Ashish Nandi, a capital market expert lamented, “Although crude oil is cheap in the world market, the price of petrol and diesel in the country may not be reduced by showing the dollar. All in all, there is a risk of increasing the trade deficit.” According to Rajendra Paramanik, professor of economics at IIT Patna, the cost of studying and traveling abroad is also increasing. In this case, too, demand will decrease by damaging the economy. Some claim that small and medium industries will also be in danger due to an increase in import costs.

Fear of falling money

• Even if the price of oil falls in the world market, India will not be able to take advantage of the decline in the currency.

• Import costs of all commodities, including oil, will rise.

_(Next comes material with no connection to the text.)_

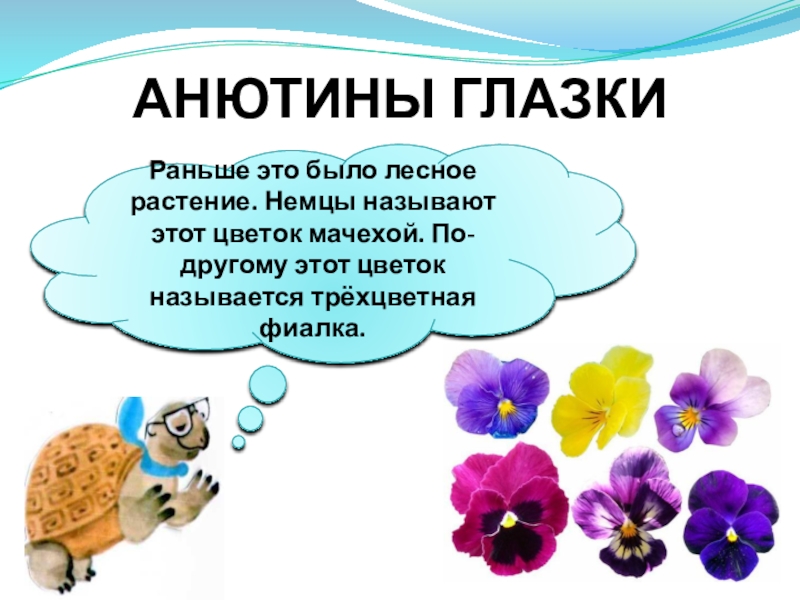 АНЮТИНЫ ГЛАЗКИРаньше это было лесное растение. Немцы называют этот цветок мачехой. По-другому этот цветок называется трёхцветная фиалка.

As a result, the price may rise further.

• The trade deficit will widen as import prices are much higher than exports.

• As the Reserve Bank releases dollars in the market to save money, foreign exchange reserves are decreasing.

• Due to inflation, higher interest rates will push up the demand for loans and increase their cost.

• The company’s investment interest will decrease.

• If the investment does not increase, the work will not be created. Which will not increase the demand.

Indian Finance Minister Nirmala Sitharaman said on September 24, “If any country’s currency holds its ground against the dollar and does not fluctuate, then it is the Indian rupee.”